## EXERCISE PROMPT
Please return the listing below exactly, without any of its pictures.

RECORDED INFORMATION section start

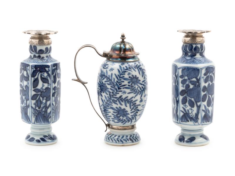 Three Chinese Export Blue and White Porcelain Articles
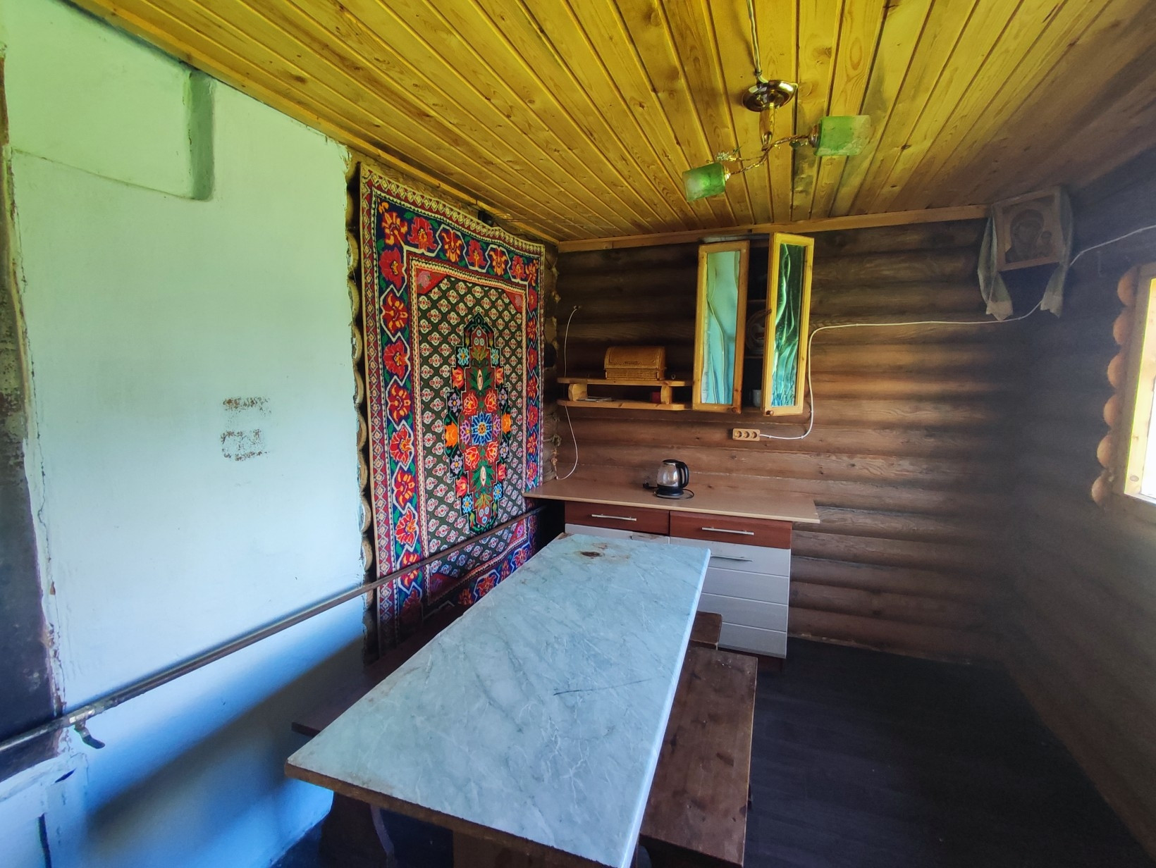 Также есть застеклённая терраса. Бревно обработано снаружи и внутри, также имеется подпол, обработан бордоской смесью.
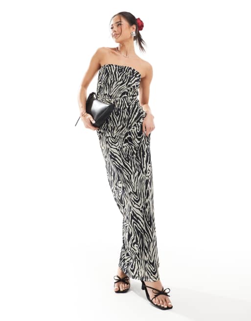 Vero Moda - Bandeau-maxikjole med abstrakt zebraprint i mesh
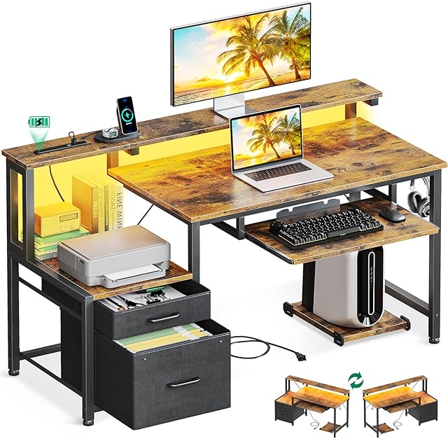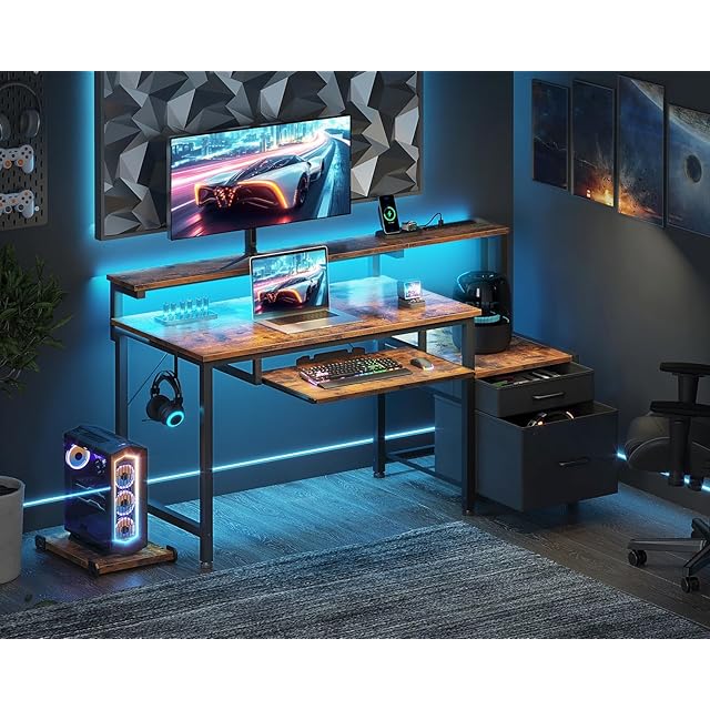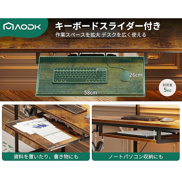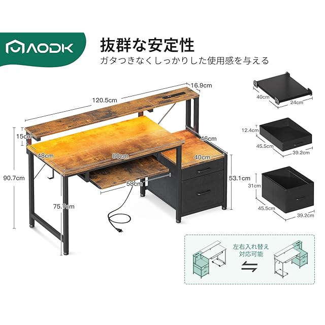 AODK パソコンデスク ゲーミングデスク 引き出し&キーボードスライダー付き 幅120cm 机 pcデスク computer desk 桌子 コンセント&LED付き ゲームデスク 長机 CPUスタンド付き 在宅ワーク 左右入れ替え対応 ビンテージ

RECORDED INFORMATION section end

## OUTPUT
 Three Chinese Export Blue and White Porcelain Articles
 Также есть застеклённая терраса. Бревно обработано снаружи и внутри, также имеется подпол, обработан бордоской смесью.
 Vero Moda - Bandeau-maxikjole med abstrakt zebraprint i mesh
 AODK パソコンデスク ゲーミングデスク 引き出し&キーボードスライダー付き 幅120cm 机 pcデスク computer desk 桌子 コンセント&LED付き ゲームデスク 長机 CPUスタンド付き 在宅ワーク 左右入れ替え対応 ビンテージ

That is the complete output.